Docling Core is a library that defines core data types and transformations in [Docling](https://github.com/docling-project/docling).

## Installation

To use Docling Core, simply install `docling-core` from your package manager, e.g. pip:
```bash
pip install docling-core
```

### Development setup

To develop for Docling Core, you need Python 3.10 through 3.14 and the `uv` package. You can then install it from your local clone's root directory:
```bash
uv sync --all-extras
```

To run the pytest suite, execute:
```
uv run pytest -s test
```

## Main features

Docling Core provides the foundational DoclingDocument data model and API, as well as
additional APIs for tasks like serialization and chunking, which are key to developing
generative AI applications using Docling.

### DoclingDocument

Docling Core defines the DoclingDocument as a Pydantic model, allowing for advanced
data model control, customizability, and interoperability.

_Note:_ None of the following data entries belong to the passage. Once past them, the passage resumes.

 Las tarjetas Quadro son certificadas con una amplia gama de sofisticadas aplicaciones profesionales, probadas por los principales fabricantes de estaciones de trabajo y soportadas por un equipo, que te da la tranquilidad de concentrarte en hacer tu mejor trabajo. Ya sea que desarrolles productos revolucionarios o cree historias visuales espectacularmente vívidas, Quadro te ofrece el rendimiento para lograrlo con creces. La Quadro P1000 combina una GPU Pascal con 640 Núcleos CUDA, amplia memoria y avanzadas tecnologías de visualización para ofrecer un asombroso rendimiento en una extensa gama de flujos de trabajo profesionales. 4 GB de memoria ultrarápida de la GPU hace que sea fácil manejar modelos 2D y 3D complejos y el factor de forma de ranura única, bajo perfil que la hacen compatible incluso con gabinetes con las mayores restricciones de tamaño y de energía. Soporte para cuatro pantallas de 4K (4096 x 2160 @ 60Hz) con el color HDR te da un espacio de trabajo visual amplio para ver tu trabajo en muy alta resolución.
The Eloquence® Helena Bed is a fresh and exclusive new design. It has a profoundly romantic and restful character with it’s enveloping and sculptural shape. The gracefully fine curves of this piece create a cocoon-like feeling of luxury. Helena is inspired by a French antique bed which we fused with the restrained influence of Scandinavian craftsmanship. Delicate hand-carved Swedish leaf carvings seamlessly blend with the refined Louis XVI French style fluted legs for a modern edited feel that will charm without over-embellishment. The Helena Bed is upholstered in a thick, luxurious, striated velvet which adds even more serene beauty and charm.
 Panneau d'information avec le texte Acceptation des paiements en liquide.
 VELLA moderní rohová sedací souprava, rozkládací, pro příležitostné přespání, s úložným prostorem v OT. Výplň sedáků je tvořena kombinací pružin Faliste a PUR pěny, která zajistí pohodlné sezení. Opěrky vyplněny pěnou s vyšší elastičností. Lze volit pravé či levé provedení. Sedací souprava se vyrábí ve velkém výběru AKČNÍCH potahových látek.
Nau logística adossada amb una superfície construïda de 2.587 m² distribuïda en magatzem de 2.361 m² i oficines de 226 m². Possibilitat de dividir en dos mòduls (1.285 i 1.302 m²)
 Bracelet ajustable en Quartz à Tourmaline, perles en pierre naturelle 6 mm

In addition to specifying the schema, it provides a handy API for building documents,
as well as for basic operations, e.g. exporting to various formats, like Markdown, HTML,
and others.

👉 More details:
- [Architecture docs](https://docling-project.github.io/docling/concepts/architecture/)
- [DoclingDocument docs](https://docling-project.github.io/docling/concepts/docling_document/)

### Serialization

Different users can have varying requirements when it comes to serialization.
To address this, the Serialization API introduces a design that allows easy extension,
while providing feature-rich built-in implementations (on which the respective
DoclingDocument helpers are actually based).

👉 More details:
- [Serialization docs](https://docling-project.github.io/docling/concepts/serialization/)
- [Serialization example](https://docling-project.github.io/docling/examples/serialization/)

### Chunking

Similarly to above, the Chunking API provides built-in chunking capabilities as well as
a design that enables easy extension, this way tackling customization requirements of
different use cases.

👉 More details:
- [Chunking docs](https://docling-project.github.io/docling/concepts/chunking/)
- [Hybrid chunking example](https://docling-project.github.io/docling/examples/hybrid_chunking/)
- [Advanced chunking and serialization](https://docling-project.github.io/docling/examples/advanced_chunking_and_serialization/)

### Profiling

The Profiling API enables extraction of comprehensive statistics from DoclingDocument objects,
both for individual documents and collections. It provides metrics on document structure
(pages, tables, pictures, text items) along with statistical distributions (deciles, histograms)
and visualization capabilities for analyzing document collections at scale.

👉 More details:
- [Document profiling example](./examples/document_profiling.py)
- [Collection statistics visualization](./examples/visualize_collection_stats.py)

## Contributing

Please read [Contributing to Docling Core](./CONTRIBUTING.md) for details.

## References

If you use Docling Core in your projects, please consider citing the following:

```bib
@techreport{Docling,
  author = "Deep Search Team",
  month = 8,
  title = "Docling Technical Report",
  url = "https://arxiv.org/abs/2408.09869",
  eprint = "2408.09869",
  doi = "10.48550/arXiv.2408.09869",
  version = "1.0.0",
  year = 2024
}
```

## License

The Docling Core codebase is under MIT license.
For individual model usage, please refer to the model licenses found in the original packages.